(Items listed in a dataset)

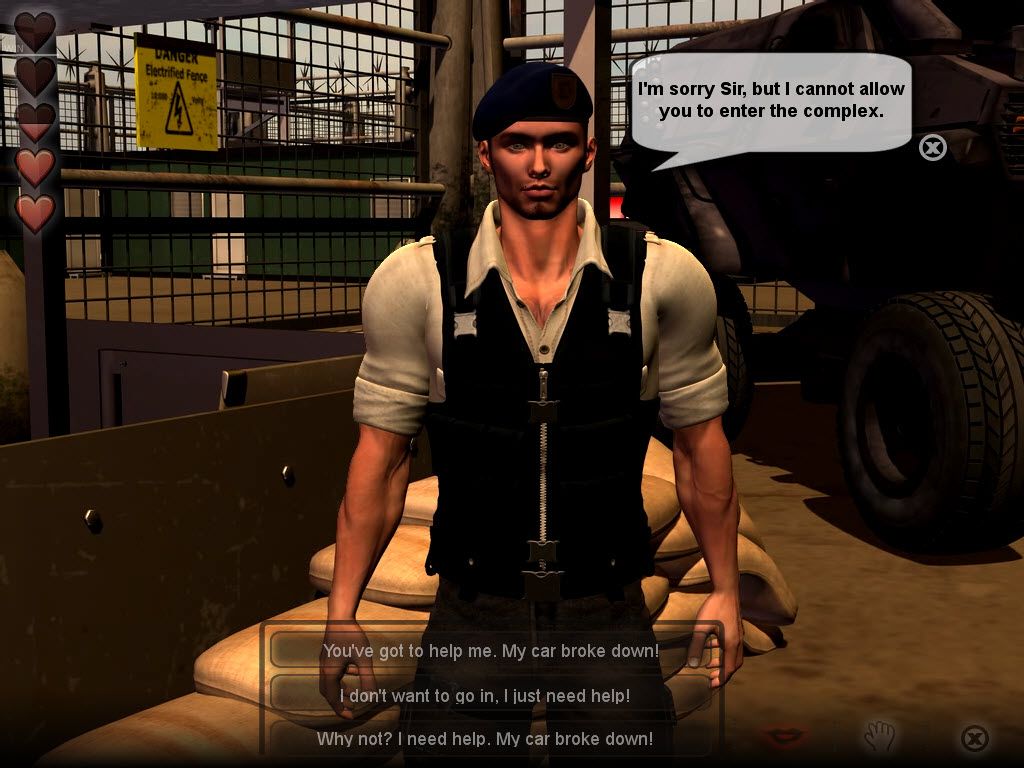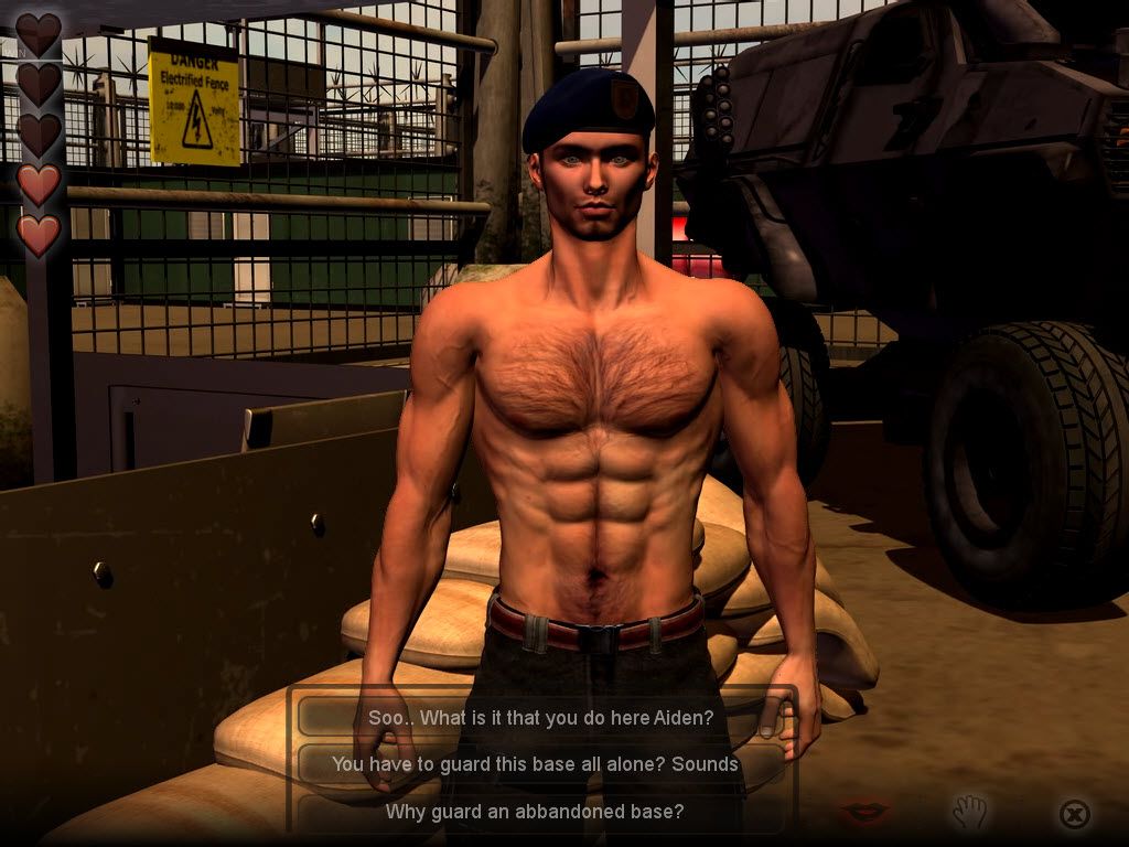 The basic storyline requires that you convince the military guard Aiden to help you get out of a problem because you have broken down in the ass end of nowhere. Will you be able to get him to help, and why is he there alone?
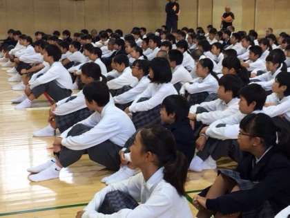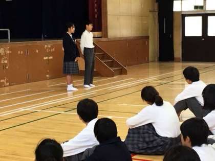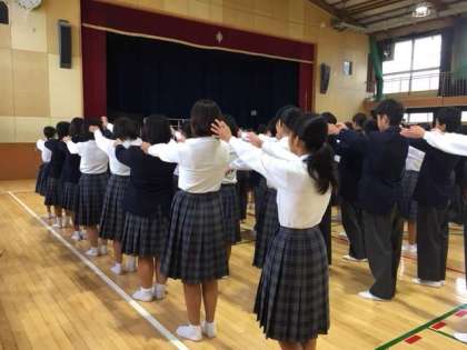 1年生は、金曜日定例の学年集会に臨みました。
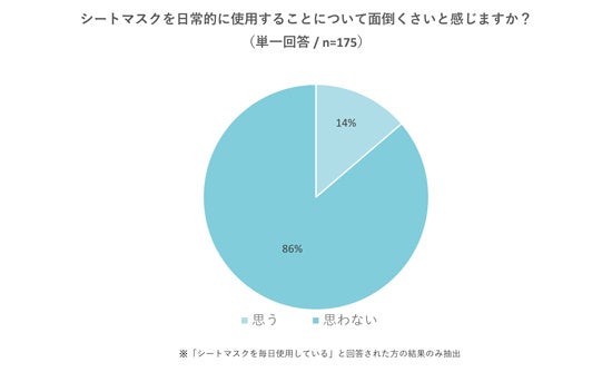 また、シートマスクを日常的に使用することについて毎日シートマスクを使用する方の86%が「面倒くさいと思わない」と回答。
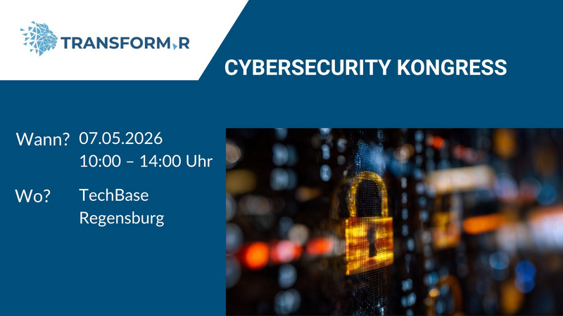 Das Transformationsnetzwerk transform.r lädt Sie am 07. Mai 2026 herzlich ein zum Cybersecurity Kongress in der TechBase in Regensburg.
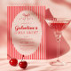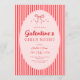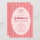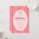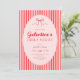 Invitación a la fiesta de Galentine's rosa roja con un lazo dibujado a mano y rayas de moda.

TASK TO CARRY OUT>
Lines starting at the one with "また、シートマスクを日常的に" and ending at the last line of the entries above must be restated word for word, with pictures omitted.

RESPONSE>
 また、シートマスクを日常的に使用することについて毎日シートマスクを使用する方の86%が「面倒くさいと思わない」と回答。
 Das Transformationsnetzwerk transform.r lädt Sie am 07. Mai 2026 herzlich ein zum Cybersecurity Kongress in der TechBase in Regensburg.
 Invitación a la fiesta de Galentine's rosa roja con un lazo dibujado a mano y rayas de moda.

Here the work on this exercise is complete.